■ ACTION ITEM ■
Pictures excluded, reproduce exactly the lines below from the one with "Digital music services" through the one with "ワークホルダを直接テーブルに", both included.
-- ENTRIES PROVIDED follows --
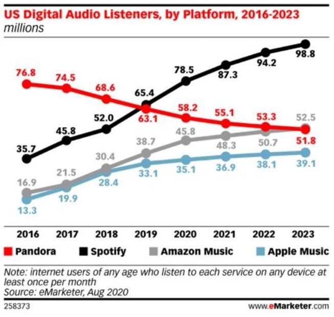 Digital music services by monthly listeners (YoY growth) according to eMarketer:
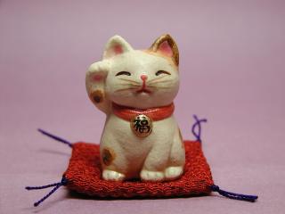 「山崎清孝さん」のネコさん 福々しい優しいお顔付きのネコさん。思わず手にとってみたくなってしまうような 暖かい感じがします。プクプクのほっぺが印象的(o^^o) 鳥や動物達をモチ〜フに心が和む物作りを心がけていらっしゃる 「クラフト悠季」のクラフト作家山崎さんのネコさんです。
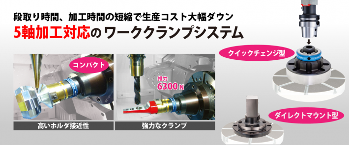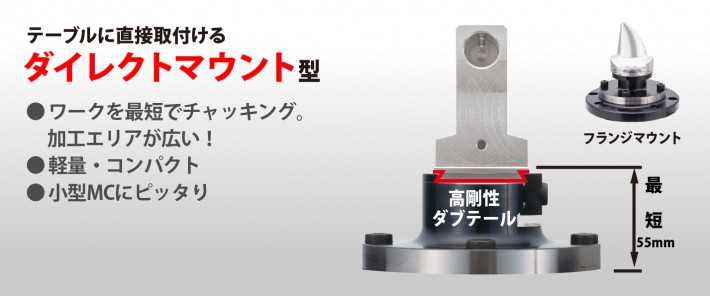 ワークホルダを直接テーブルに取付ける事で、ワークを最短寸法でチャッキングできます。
-- ENTRIES PROVIDED concluded --
-- ENTRIES PROVIDED follows --
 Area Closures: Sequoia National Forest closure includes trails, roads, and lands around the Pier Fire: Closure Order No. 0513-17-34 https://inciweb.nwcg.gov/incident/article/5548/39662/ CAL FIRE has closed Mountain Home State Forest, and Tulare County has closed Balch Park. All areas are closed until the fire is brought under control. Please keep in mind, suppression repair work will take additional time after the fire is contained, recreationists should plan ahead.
-- ENTRIES PROVIDED concluded --
■ EXERCISE RESULT ■
 Digital music services by monthly listeners (YoY growth) according to eMarketer:
 「山崎清孝さん」のネコさん 福々しい優しいお顔付きのネコさん。思わず手にとってみたくなってしまうような 暖かい感じがします。プクプクのほっぺが印象的(o^^o) 鳥や動物達をモチ〜フに心が和む物作りを心がけていらっしゃる 「クラフト悠季」のクラフト作家山崎さんのネコさんです。
 ワークホルダを直接テーブルに取付ける事で、ワークを最短寸法でチャッキングできます。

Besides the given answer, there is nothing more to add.